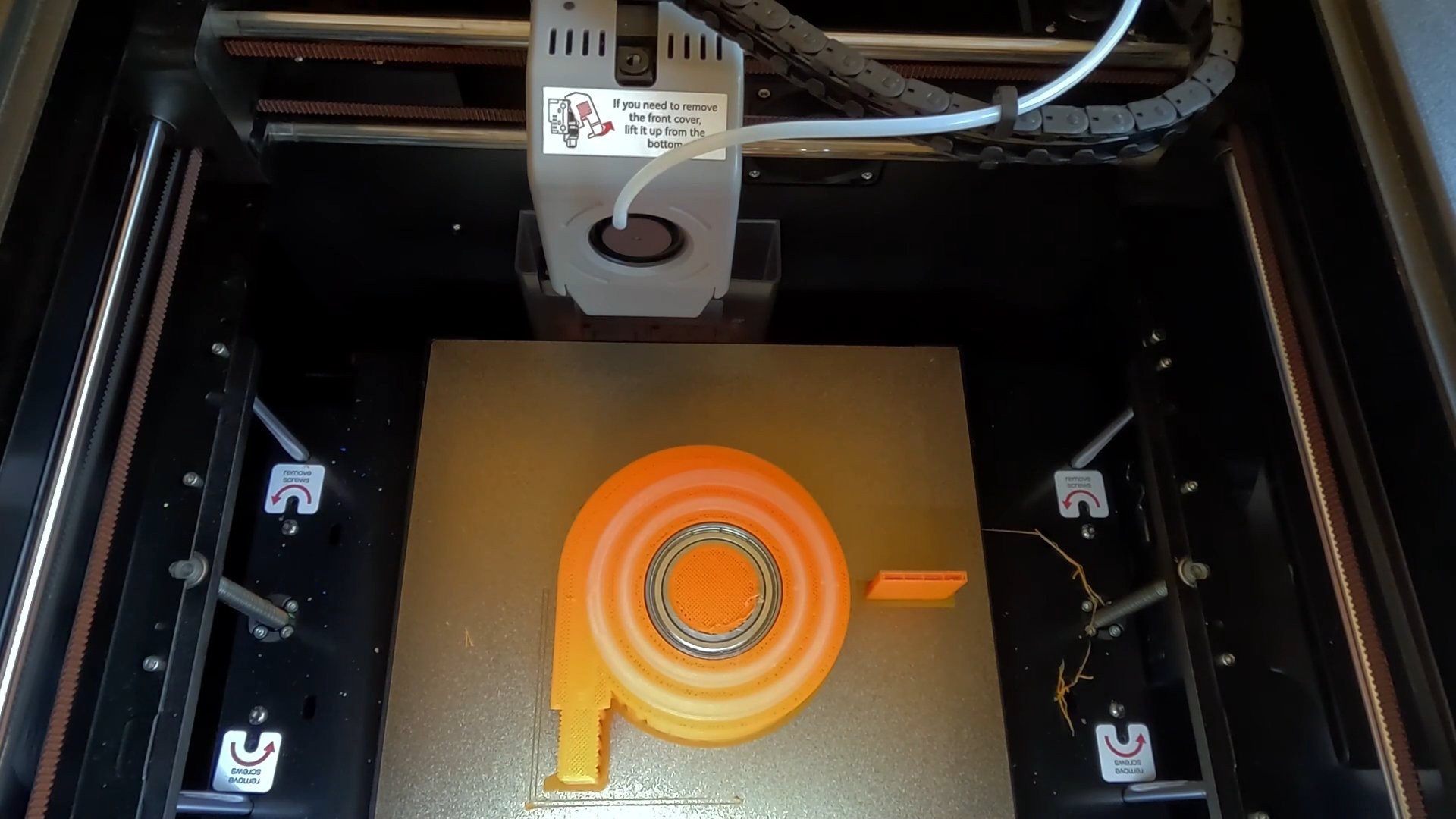During the print installed the components—bearings, in-situ grease, and an O-ring.
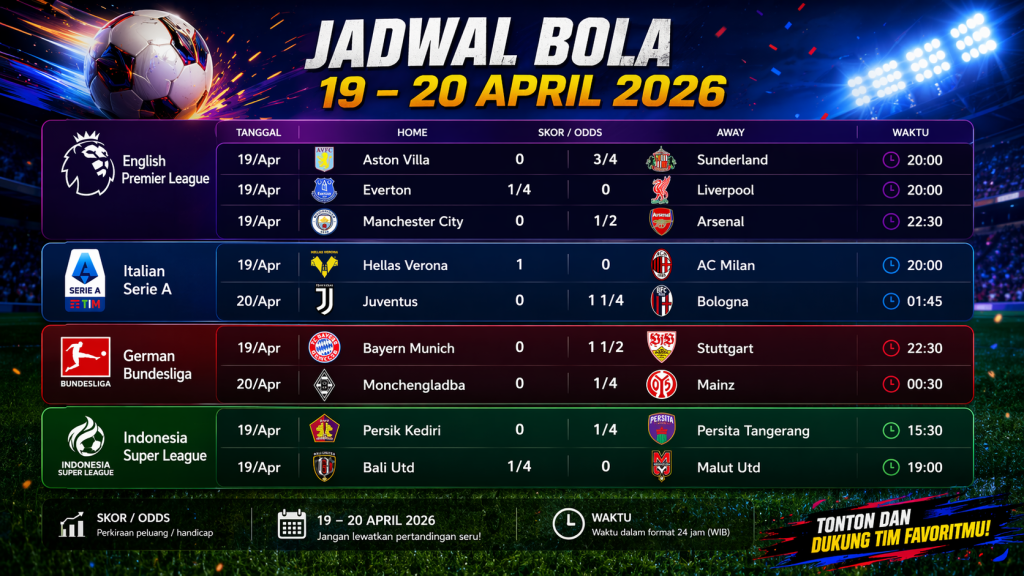 Jadwal Bola Hari Ini 19–20 April 2026: Laga Seru dari Premier League hingga Liga Indonesia
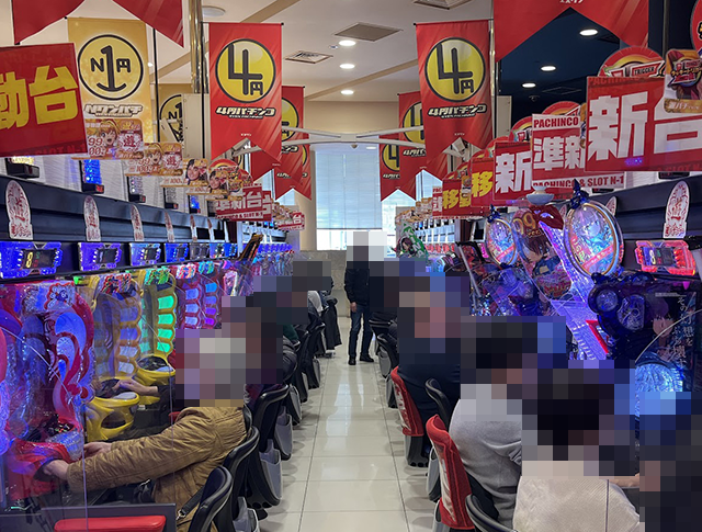プレイヤーたちは1箱以上の持ち玉を使って遊技中。
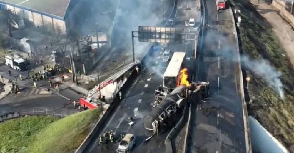 La explosión sucedió en la intersección de la autopista más importante del país, la Ruta 5, con una secundaria y generó un gran incendio que alcanzó a otros siete vehículos, que a la misma hora iban transitando por la autopista, y también un desguace de vehículos, informó la policía chilena.

════════

▶ **ASSIGNMENT**
Transcribe all of the listing precisely. The images stay out of it.

▶ **COMPLETED EXERCISE**
During the print installed the components—bearings, in-situ grease, and an O-ring.
 Jadwal Bola Hari Ini 19–20 April 2026: Laga Seru dari Premier League hingga Liga Indonesia
プレイヤーたちは1箱以上の持ち玉を使って遊技中。
 La explosión sucedió en la intersección de la autopista más importante del país, la Ruta 5, con una secundaria y generó un gran incendio que alcanzó a otros siete vehículos, que a la misma hora iban transitando por la autopista, y también un desguace de vehículos, informó la policía chilena.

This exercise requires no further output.